Please copy the data below exactly; none of the pictures in it belong in the copy.

▬▬▬

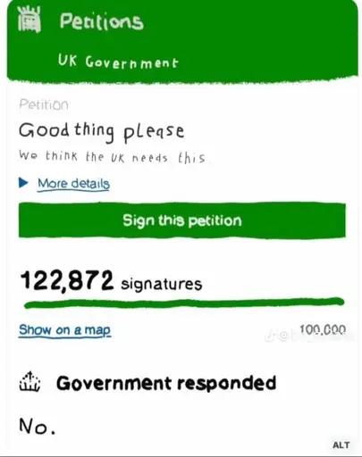 arrow-up1314arrow-down1imageGood thing pleaselemmy.blahaj.zoneals@lemmy.blahaj.zone to UK Politics@feddit.ukEnglish · 4 days agomessage-square11linkfedilink
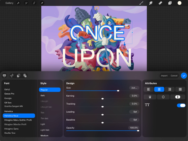 探索一系列 Procreate 默认字体和 iOS 系统字体,或轻松导入、拖曳丢放你自己喜爱的字体一同玩转。
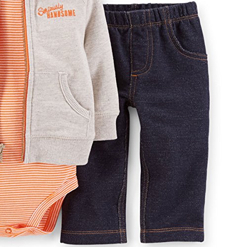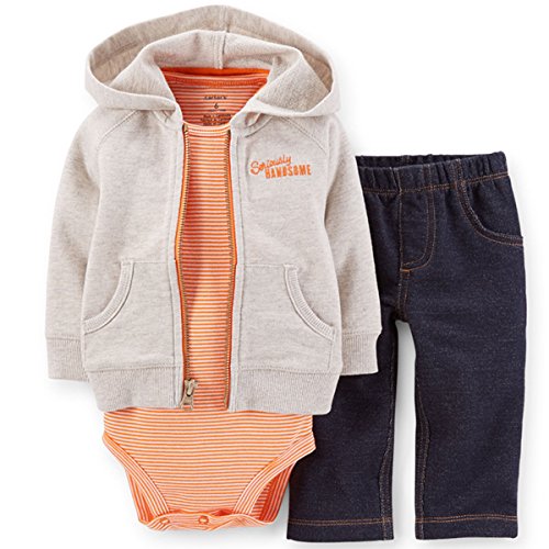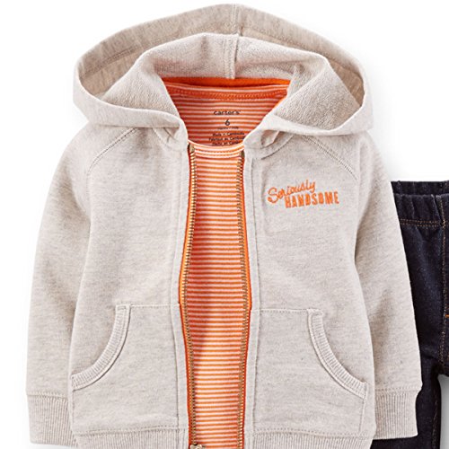 カーターズ(Carter's)2015年春夏 男の子用グレーHANDSOME刺繍入りフード付きカーディガンジャケット上下3点セット 並行輸入 (24months(83cm-86cm)) [並行輸入品]
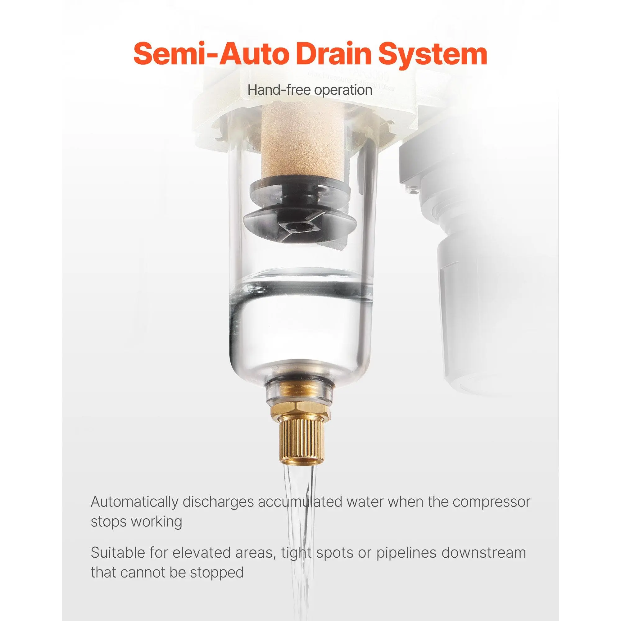 Deliver clean and dry compressed air with VEVOR 3/8 NPT air compressor filter regulator. It combines dual-stage precise filtration and stable pressure regulation. With 25 m+ 5 m brass filter elements, it effectively removes moisture, impurities, and particles from the compressed air.
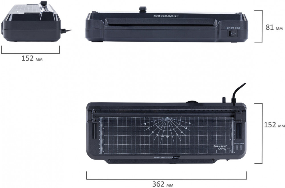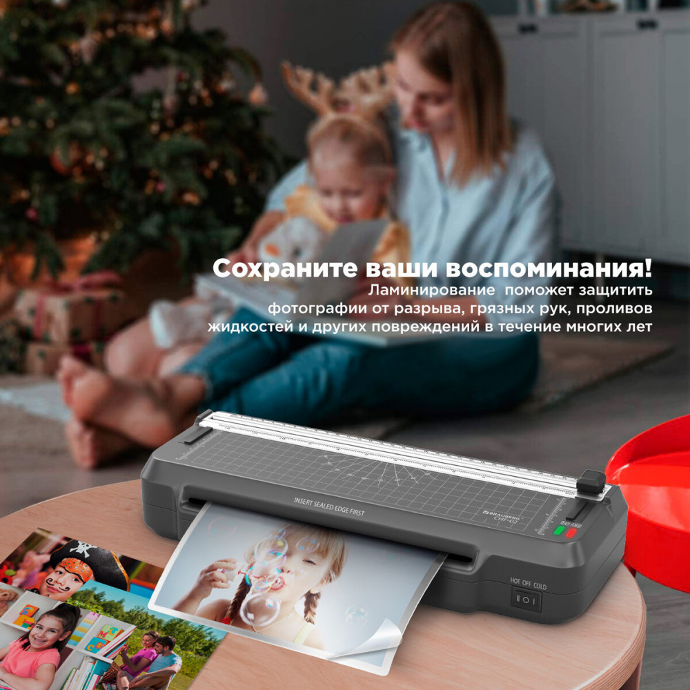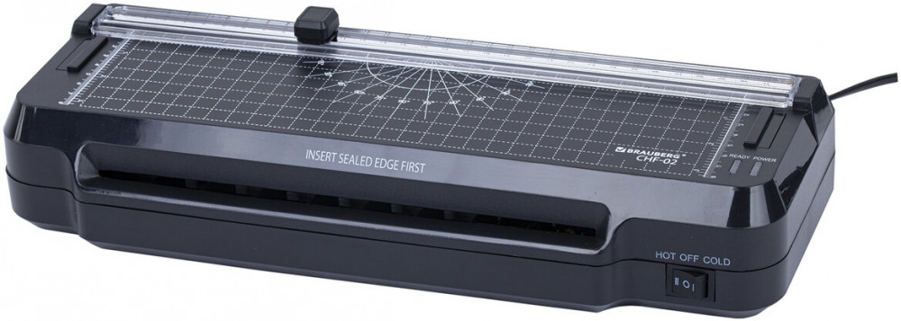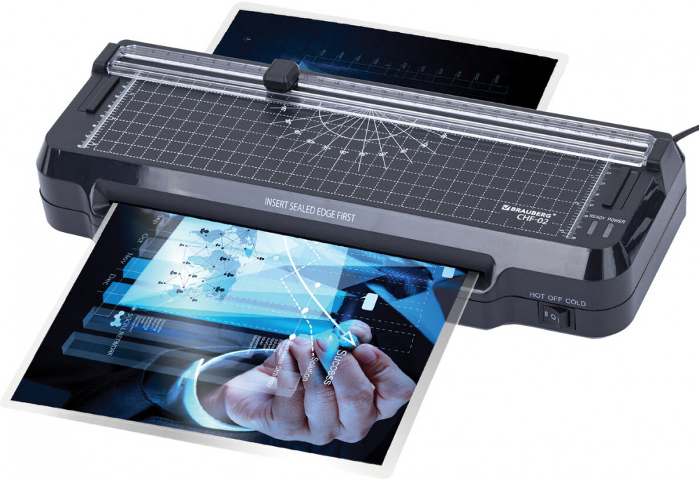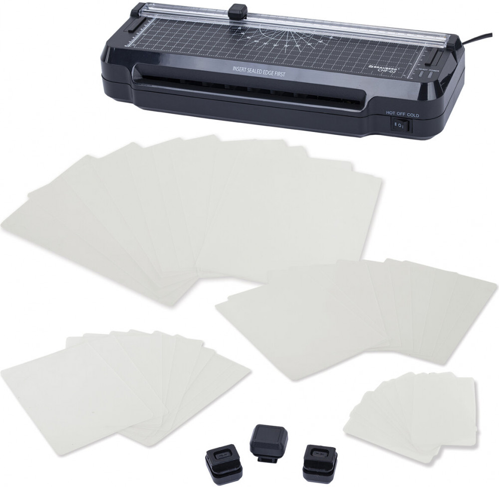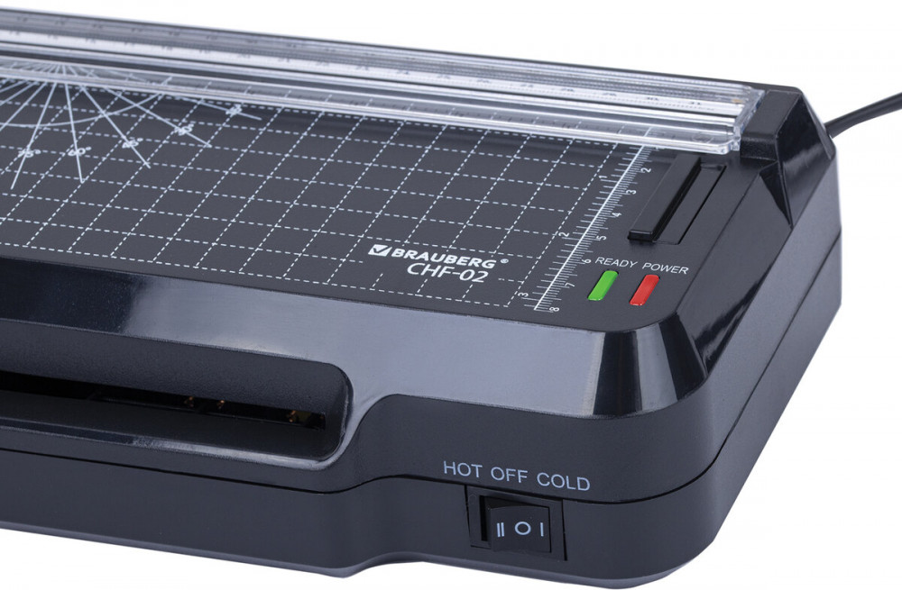 Ламинатор 3 в 1 BRAUBERG CHF-02 со встроенным резаком и съемным обрезчиком углов отлично подойдет для работы дома и в офисе. Ламинируйте документы, меню, рисунки, фотографии. В подарок вы получите 3 сменных лезвия для резака и 40 плёнок формата А4-А8.
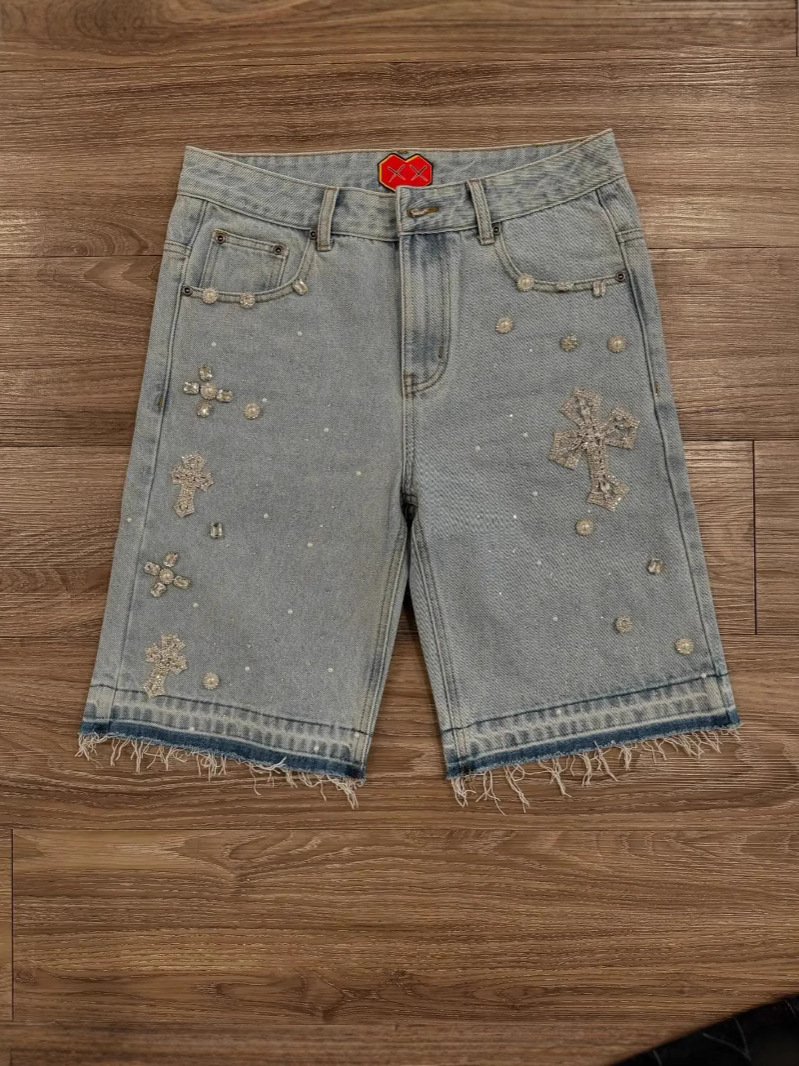 Модные джинсовые шорты с полным стразовым декором в стиле хип-хоп, прямые, с эффектом страз, джинсы-пятишорты, новый стиль 2025, крутой дизайн
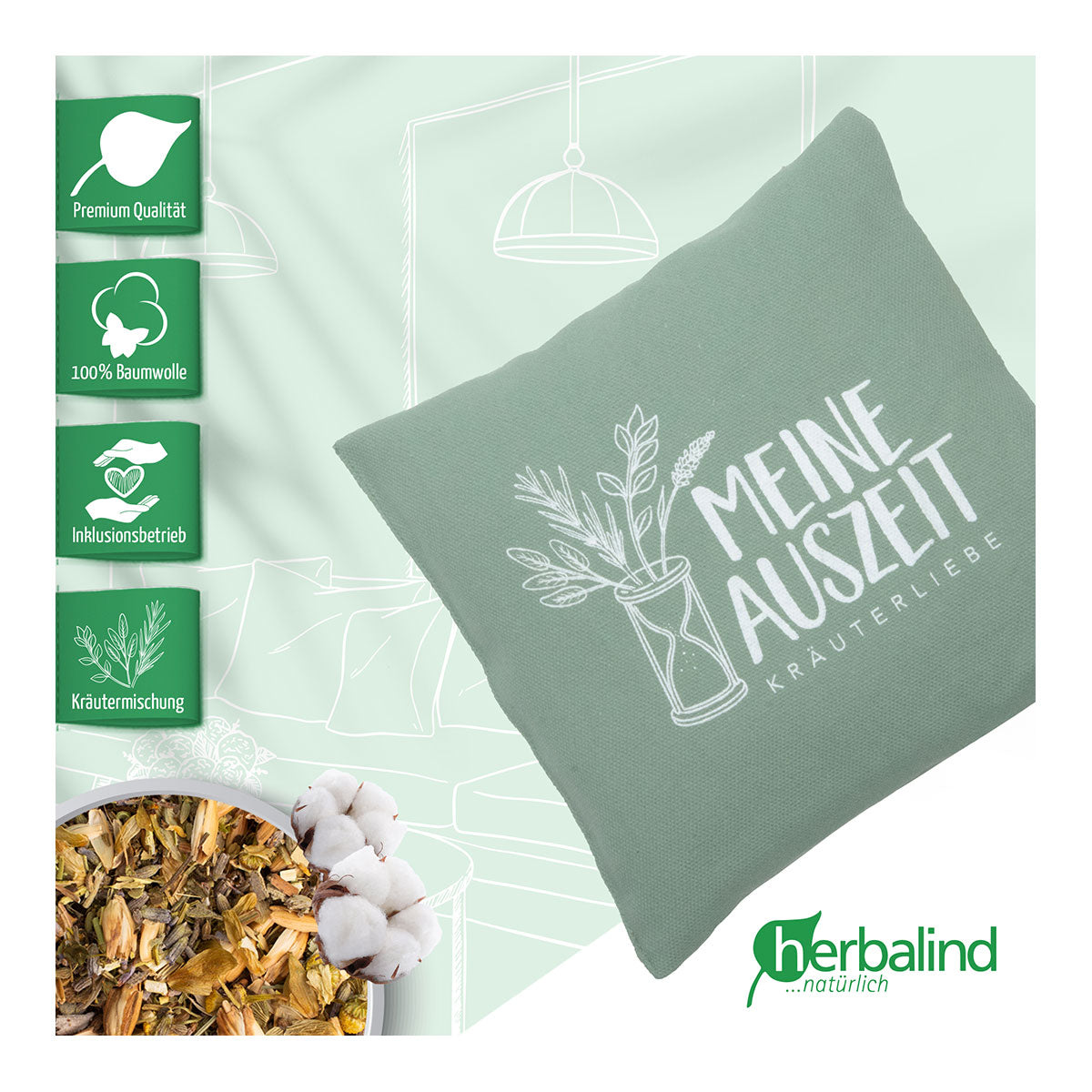 Kräuterkissen „Meine Auszeit“. Holen Sie sich die Kraft der Natur ins Haus. Dieses Entspannungskissen hat einen robusten Baumwoll-Canvas-Bezug, der mit einem Schriftzug bedruckt ist. Seine Kräuterfüllung verbreitet ein aromatisches Dufterlebnis in Ihrem Ambiente.
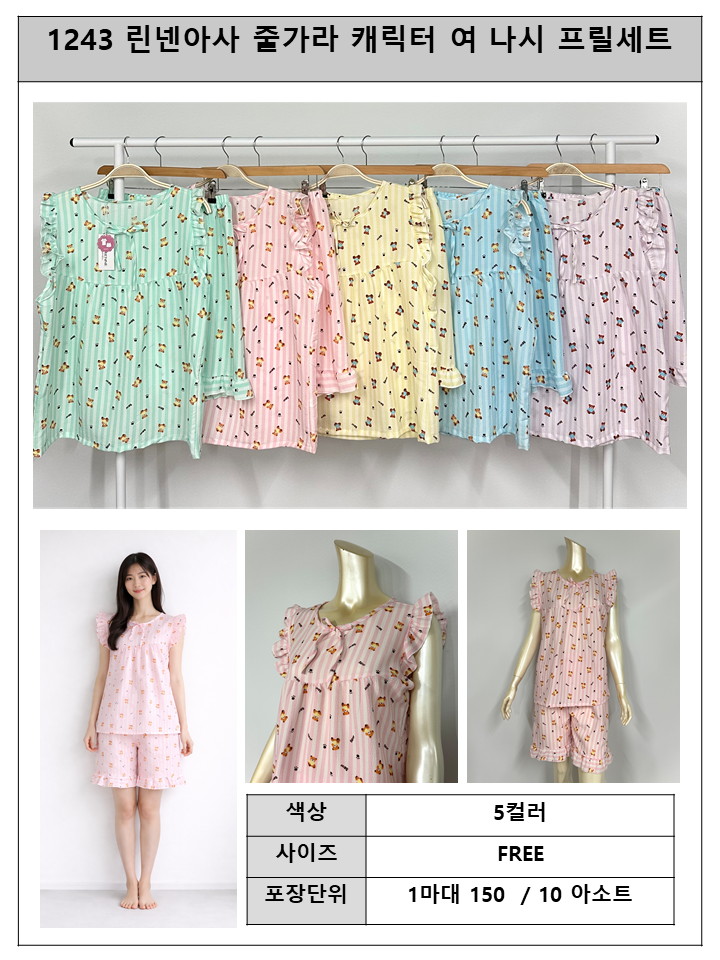 S1243 린넨아사)줄가라캐릭터 나시프릴여세트

▬▬▬

§ **FINISHED TASK**:
 arrow-up1314arrow-down1imageGood thing pleaselemmy.blahaj.zoneals@lemmy.blahaj.zone to UK Politics@feddit.ukEnglish · 4 days agomessage-square11linkfedilink
 探索一系列 Procreate 默认字体和 iOS 系统字体,或轻松导入、拖曳丢放你自己喜爱的字体一同玩转。
 カーターズ(Carter's)2015年春夏 男の子用グレーHANDSOME刺繍入りフード付きカーディガンジャケット上下3点セット 並行輸入 (24months(83cm-86cm)) [並行輸入品]
 Deliver clean and dry compressed air with VEVOR 3/8 NPT air compressor filter regulator. It combines dual-stage precise filtration and stable pressure regulation. With 25 m+ 5 m brass filter elements, it effectively removes moisture, impurities, and particles from the compressed air.
 Ламинатор 3 в 1 BRAUBERG CHF-02 со встроенным резаком и съемным обрезчиком углов отлично подойдет для работы дома и в офисе. Ламинируйте документы, меню, рисунки, фотографии. В подарок вы получите 3 сменных лезвия для резака и 40 плёнок формата А4-А8.
 Модные джинсовые шорты с полным стразовым декором в стиле хип-хоп, прямые, с эффектом страз, джинсы-пятишорты, новый стиль 2025, крутой дизайн
 Kräuterkissen „Meine Auszeit“. Holen Sie sich die Kraft der Natur ins Haus. Dieses Entspannungskissen hat einen robusten Baumwoll-Canvas-Bezug, der mit einem Schriftzug bedruckt ist. Seine Kräuterfüllung verbreitet ein aromatisches Dufterlebnis in Ihrem Ambiente.
 S1243 린넨아사)줄가라캐릭터 나시프릴여세트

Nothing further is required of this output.